Wade Rawlins, Staff Writer
RALEIGH -
A mobile unit that could incinerate pathogens from bioterrorism, avian flu and mad cow disease has been developed by a Raleigh waste management company for the federal government.
The device, which could be deployed quickly after natural disasters or disease outbreaks, destroys large volumes of animal carcasses or contaminated material to keep disease from spreading and protect human health.
BGP Inc., a private company, designed the prototype mobile unit under a $2.1 million contract with a multiagency federal team focused on homeland security. Because of recent outbreaks in other countries of Avian flu and mad cow disease, the federal government has given priority to developing rapid-response waste-disposal technology.
"They've asked us to help them prepare a response that is quick, flexible and safe for the environment," said David Robinson, president of BGP, which has manufactured smaller, stationary disposal units for medical waste, animal manure, and municipal sewage sludge.

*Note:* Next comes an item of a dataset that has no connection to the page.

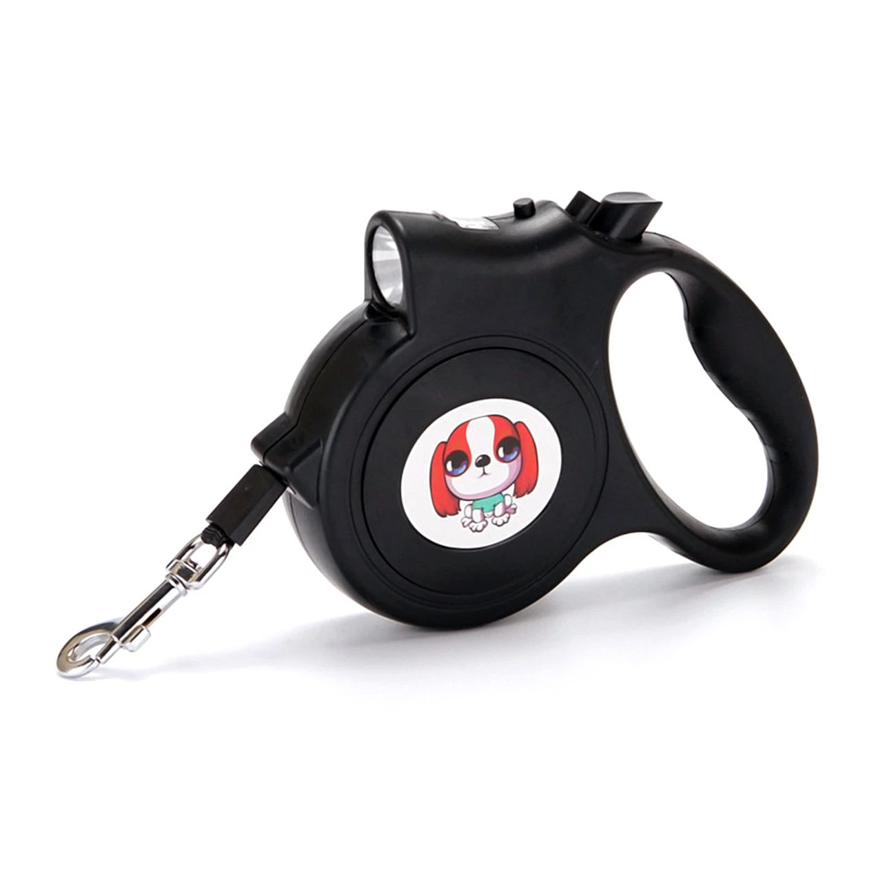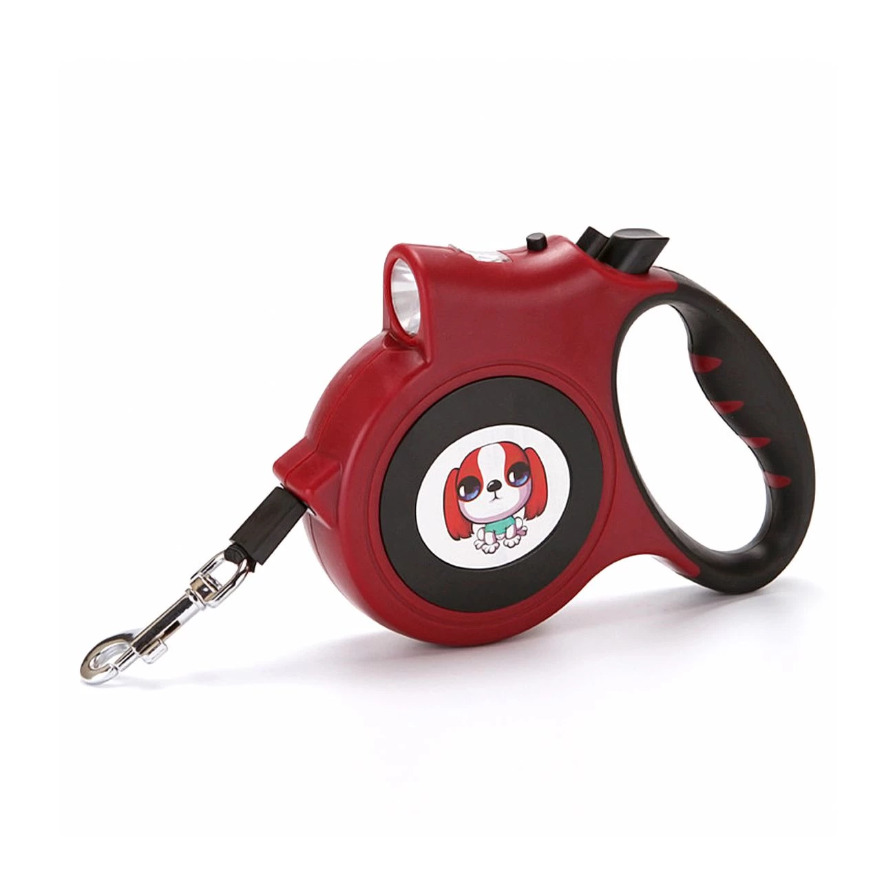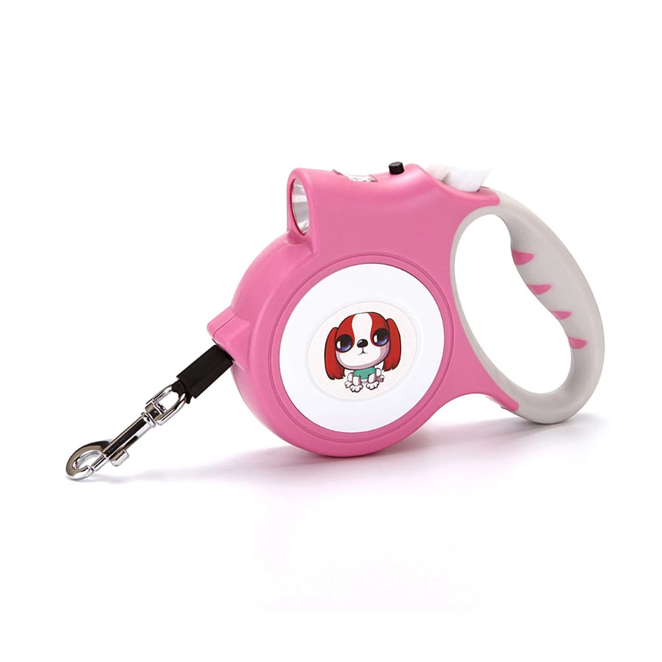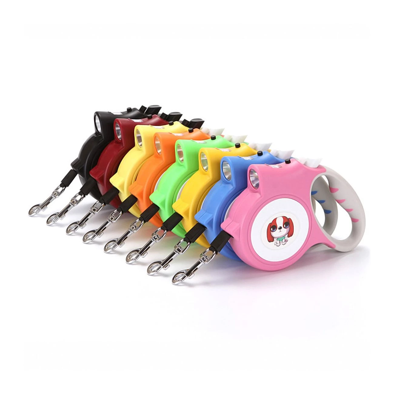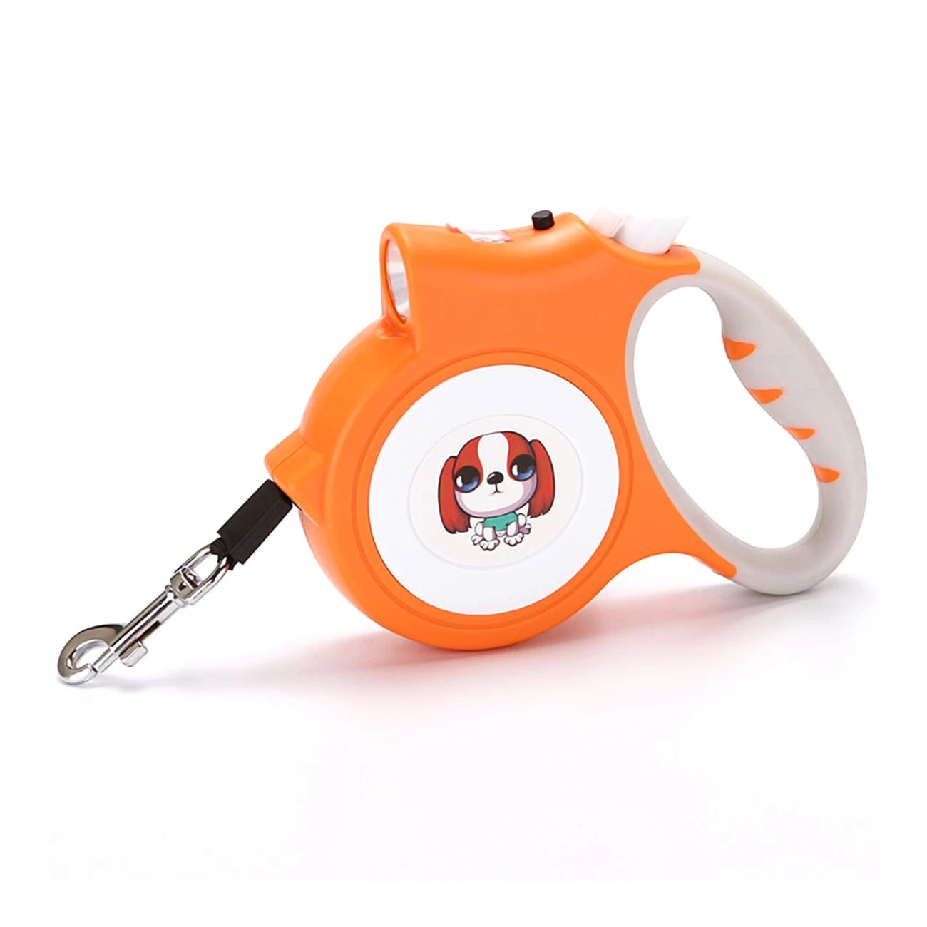 Flexi povodec za pse. Na povodcu je vgrajena LED svetilka. Dolžina izvlečnega povodca 5 metrov Na voljo v rumeni, rjavi, oranžni, modri, črni in roza barvi.

The unit, which sits on a truck trailer, was displayed Wednesday at N.C. State University's Animal and Poultry Waste Management research farm in Raleigh. Researchers there provided technical input.
"The mobile unit under development gives us the opportunity to manage mass animal and poultry mortalities caused by natural or man-made disasters in a way that is both efficient and environmentally responsible," said Leonard Bull, associate director of the Animal and Poultry Waste Management Center.
The unit uses a patented technology that vaporizes carcasses and hazardous organic waste at temperatures of 1,800 degrees. Ground-up carcasses are pumped into tile-lined chambers. The burner system in a separate chamber below heats the ceramic tiles, producing intense heat that reduces the carcasses to ash in a matter of minutes, Robinson said. Robinson said the ash residue is harmless and can be used as a road-building material.
Each unit can destroy up to 25 tons of waste. Robinson said six units might be deployed to a disaster site to process up to 150 tons per day -- the goal set by the government. Company officials say the unit's self-sufficiency and mobility make it suitable for disaster response.
The hot gas produced during the vaporization is captured and recycled as fuel in the fire chamber, making the units more fuel-efficient.
Paul Lemieux, a chemical engineer in the National Homeland Security Research Center at the U.S. Environmental Protection Agency, said low-lying Eastern North Carolina, where most large farms are located, has a high water table, limiting the burial options in the event of an outbreak of avian flu. That was a concern to state and federal agricultural officials.
"There is a lack of tools to use for response," said Lemieux, who said the portable unit could help fill that need.
Lemieux said environmental regulators planned to test the air emissions and ash residue from the unit to ensure that it is environmentally acceptable. Tests will be conducted in Eastern North Carolina in February and in Canada in March.
Robinson said he expects customers to be government agencies, agribusinesses and private companies that do disaster cleanup work.
Possible customers include the Canadian government, which dealt with an outbreak of avian flu in 2004.
Another possible customer is Vincent Gorman, vice president of West Coast Rendering, a Los Angeles-based company that renders 75 tons per day of animal carcasses into bone meal, which is used as animal feed.
"The industry doesn't like to talk about it, but the handwriting is on the wall as far as the future use of meat bone meal," Gorman said after looking at the equipment with an eye toward possible purchase. "They're going to eventually eliminate that produce altogether."
So Gorman is shopping for another commodity to sell at the end of the rendering process -- perhaps electricity. Gorman said the BGP technology offers promise, if it meets emissions standards.